# EXERCISE INSTRUCTIONS
Your copy starts at the line containing "One Calibre de" and ends at the last line of the material below. Reproduce those lines exactly, with no pictures.
-------- DATA PROVIDED --------
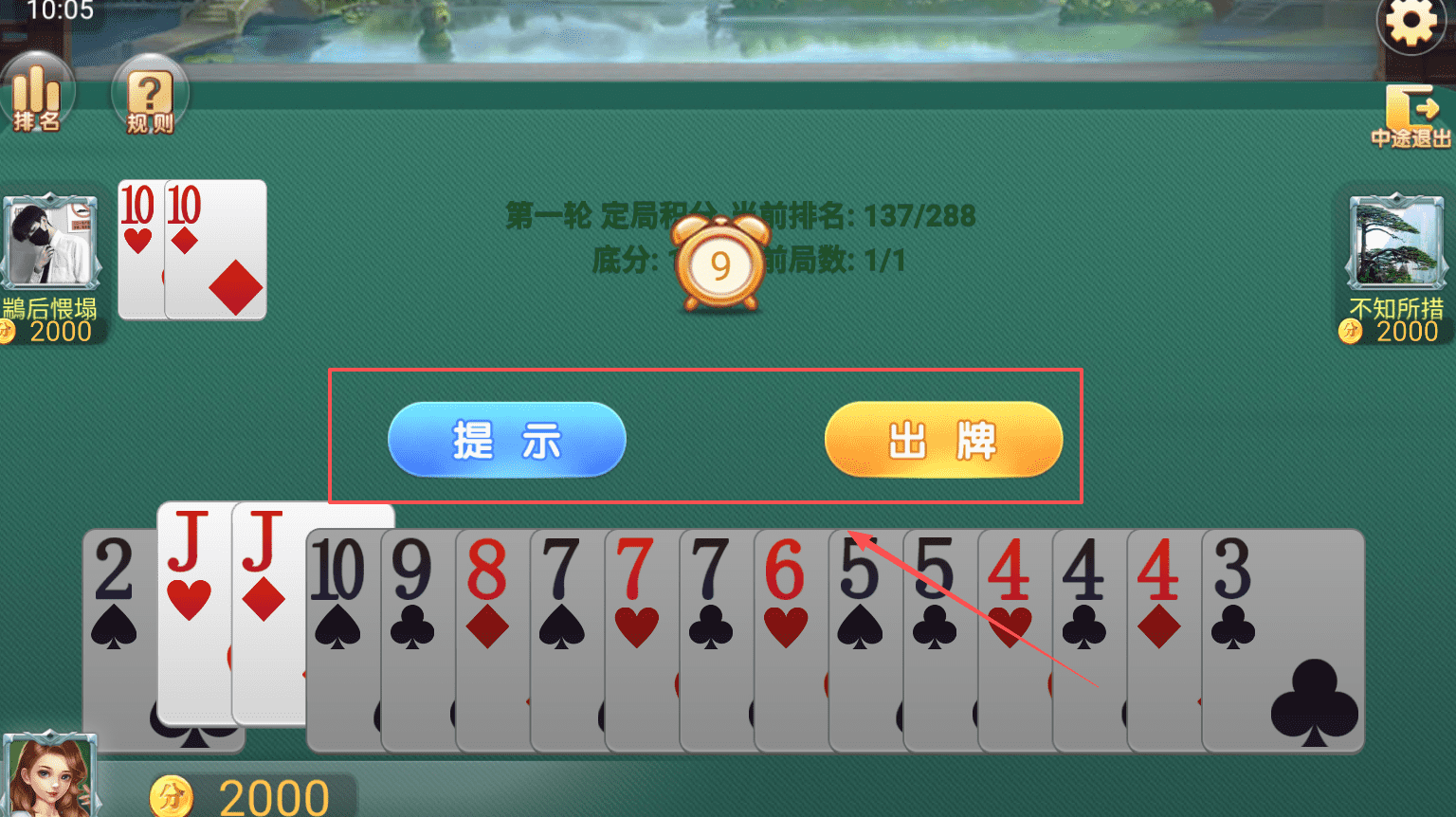 2、作为新手需要了解基本出牌规则,例如由持有红桃三的玩家先出手,若无则顺延至红桃四拥有出牌权。
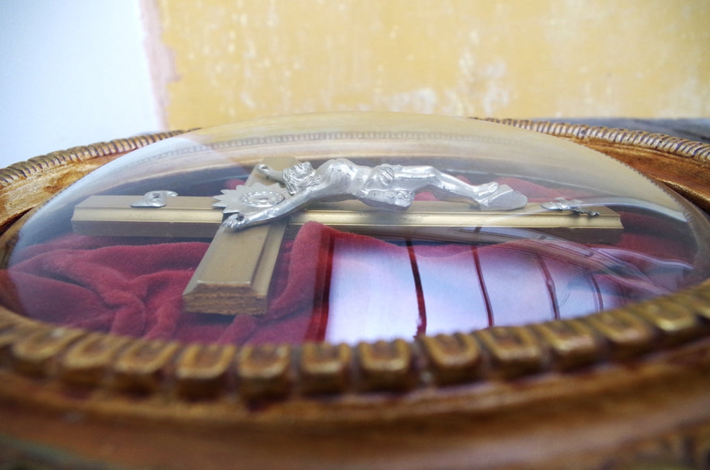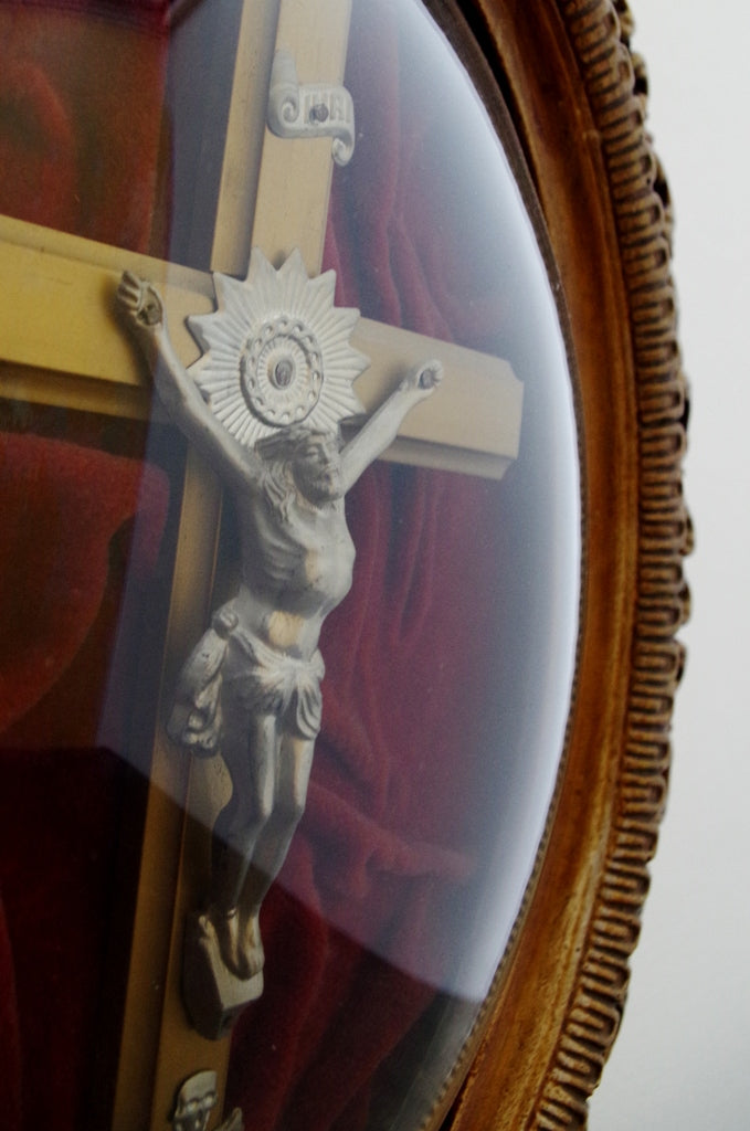 A lovely example of this kind, the crucifix with the Golgotha symbol is mounted on red velvet under convex glass with a plasterwork frame. It's in very good condition for its age. There is an inlaid metal loop for hanging. Postage and packaging is included in the price.
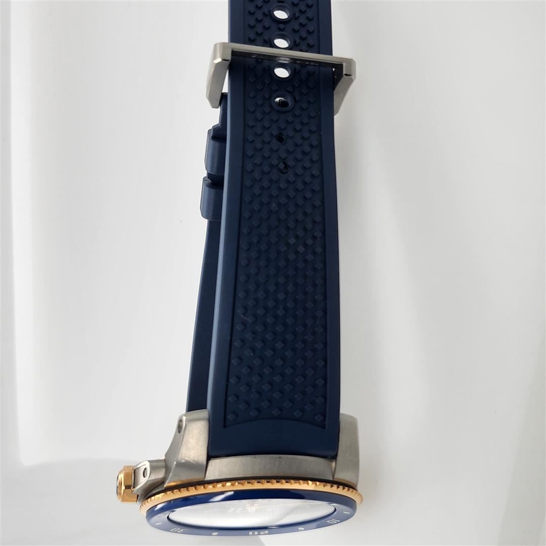 One Calibre de Cartier Swiss Made Automatic Wristwatch. - Swiss Made - Blue Dial - Roman Numeral Hour Markers - Blue Ceramic Bezel with Super-LumiNova Markers - Faceted Steel Crown Set with a Synthetic Spinel - Sword Shaped Blued Hands - Date Feature - Small Seconds Sub-Dial at 9 O'Clock - 48 Hour Power Reserve - Self-winding Automatic Movement - Cartier Caliber 1904-PS MC - Vibrations Per Hour: 28,800
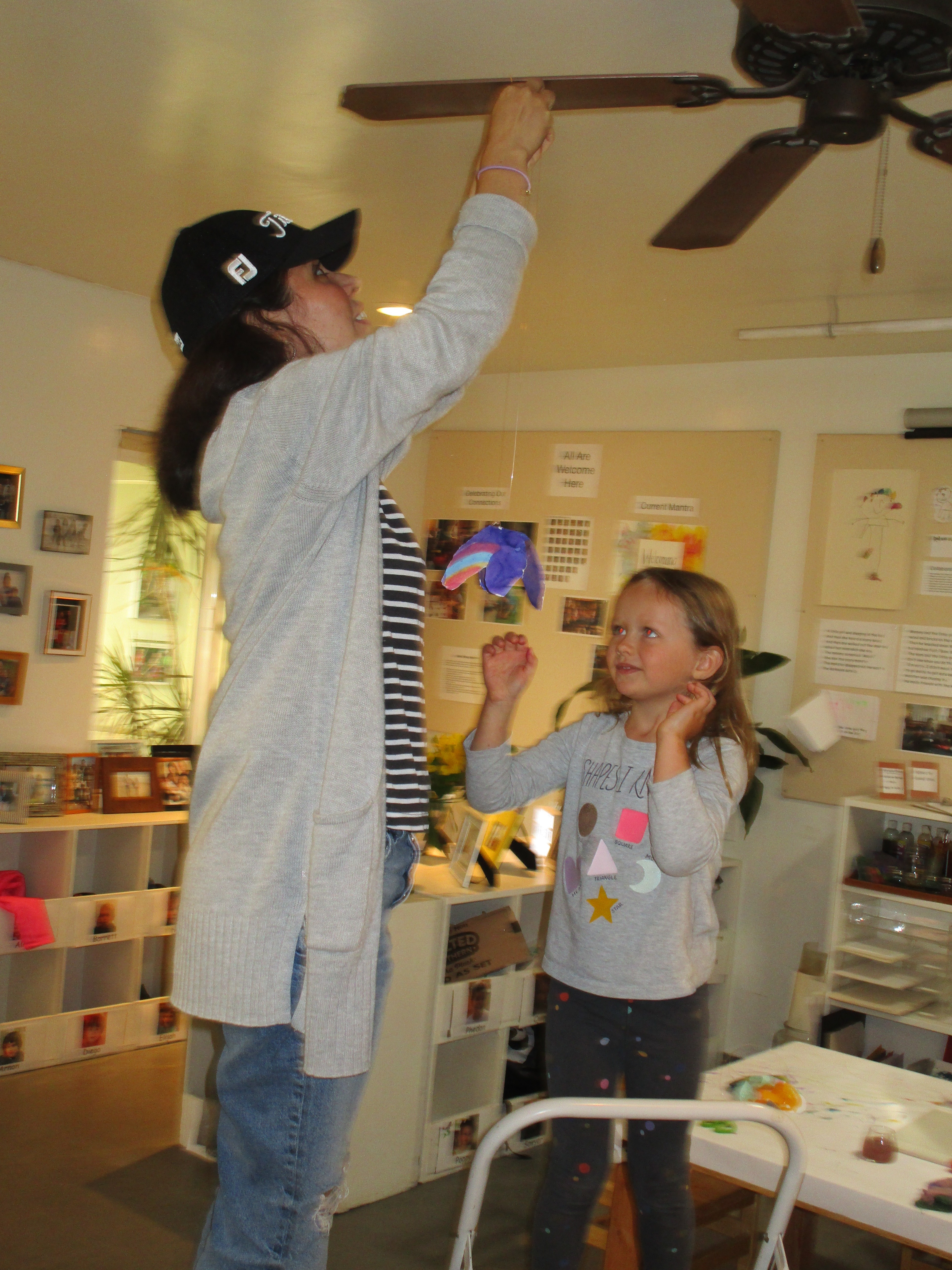 At appointment time, the children in the Communication Center can continue developing their interest in three dimensional, representational works. One early project was making fluttery flying butterflies they then suspended from fans. It’s a beautiful project, allowing children to contribute to the classroom environment, but also showing an intention of creating “class pets” they could lovingly admire.
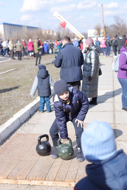 Любителі та шанувальники спортивних розваг силового напрямку зібрались біля Льодового Палацу спорту. Хизувались силою, змагались у спритності, перетягуванні канату та ін. Здібності та уміння у молодецьких народних забавах також винагороджувались.
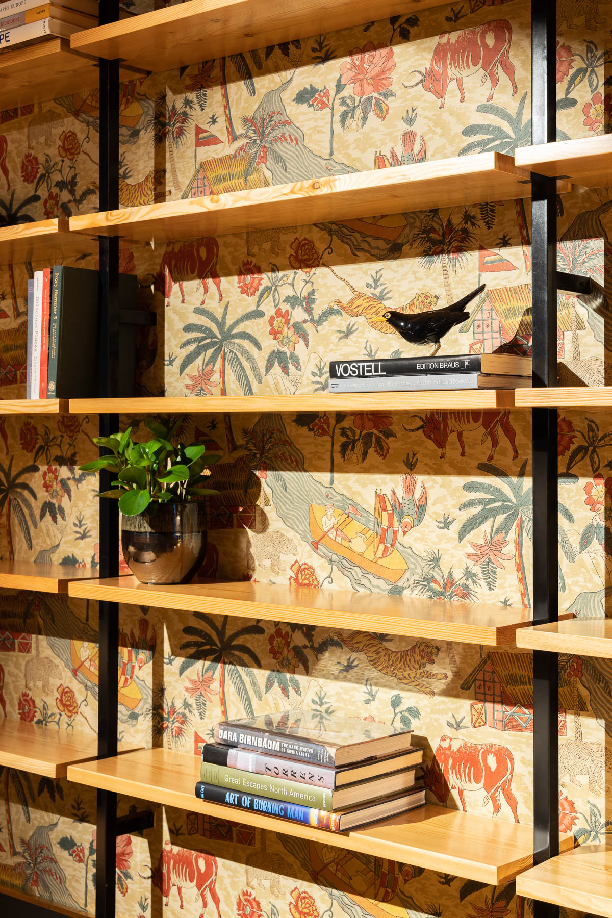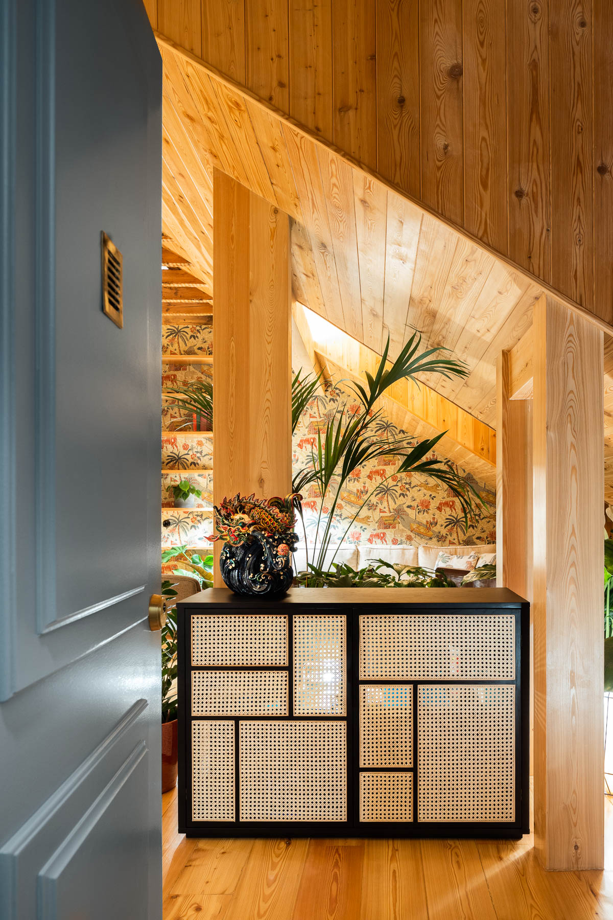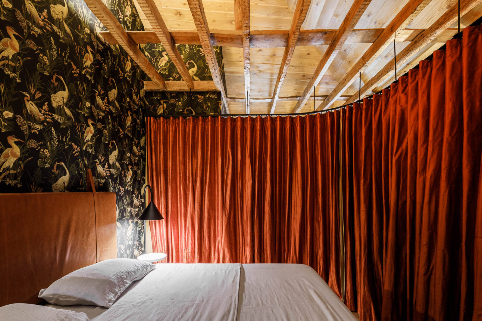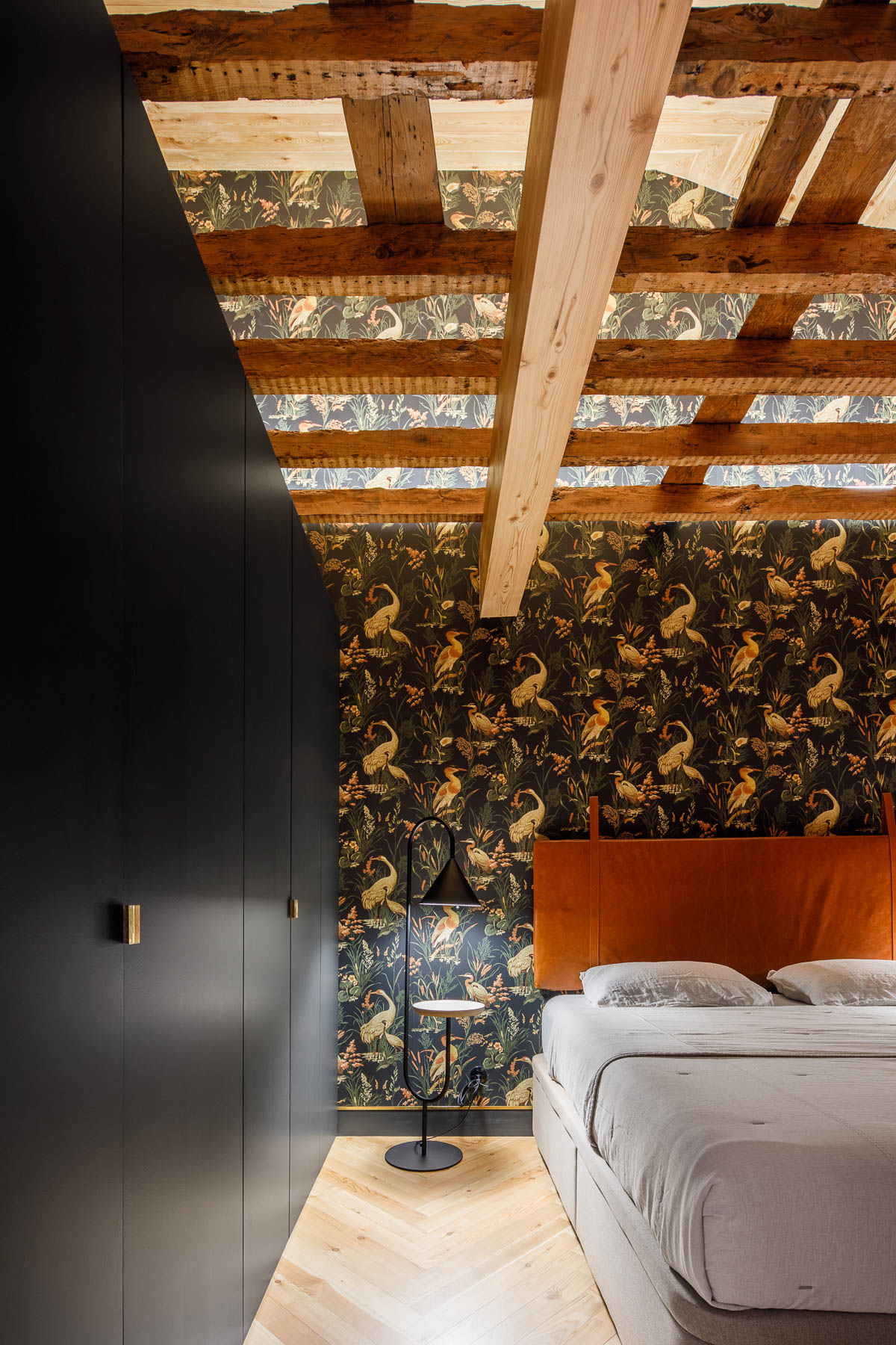The informal bedroom space relates to the others in the house and can be opened or closed through a scenic element – a golden velvet and silk curtain – that runs along the extension of the brass wall. The wallpaper introduces a rich chromatic palette, which spreads to the ceramic tiles of the old chimney and bathroom walls and to the kitchen countertop stone. Furniture, lamps, rugs and the plants were carefully selected as an extension of the architectural project narrative.
--------
# ANSWER SECTION
 One Calibre de Cartier Swiss Made Automatic Wristwatch. - Swiss Made - Blue Dial - Roman Numeral Hour Markers - Blue Ceramic Bezel with Super-LumiNova Markers - Faceted Steel Crown Set with a Synthetic Spinel - Sword Shaped Blued Hands - Date Feature - Small Seconds Sub-Dial at 9 O'Clock - 48 Hour Power Reserve - Self-winding Automatic Movement - Cartier Caliber 1904-PS MC - Vibrations Per Hour: 28,800
 At appointment time, the children in the Communication Center can continue developing their interest in three dimensional, representational works. One early project was making fluttery flying butterflies they then suspended from fans. It’s a beautiful project, allowing children to contribute to the classroom environment, but also showing an intention of creating “class pets” they could lovingly admire.
 Любителі та шанувальники спортивних розваг силового напрямку зібрались біля Льодового Палацу спорту. Хизувались силою, змагались у спритності, перетягуванні канату та ін. Здібності та уміння у молодецьких народних забавах також винагороджувались.
The informal bedroom space relates to the others in the house and can be opened or closed through a scenic element – a golden velvet and silk curtain – that runs along the extension of the brass wall. The wallpaper introduces a rich chromatic palette, which spreads to the ceramic tiles of the old chimney and bathroom walls and to the kitchen countertop stone. Furniture, lamps, rugs and the plants were carefully selected as an extension of the architectural project narrative.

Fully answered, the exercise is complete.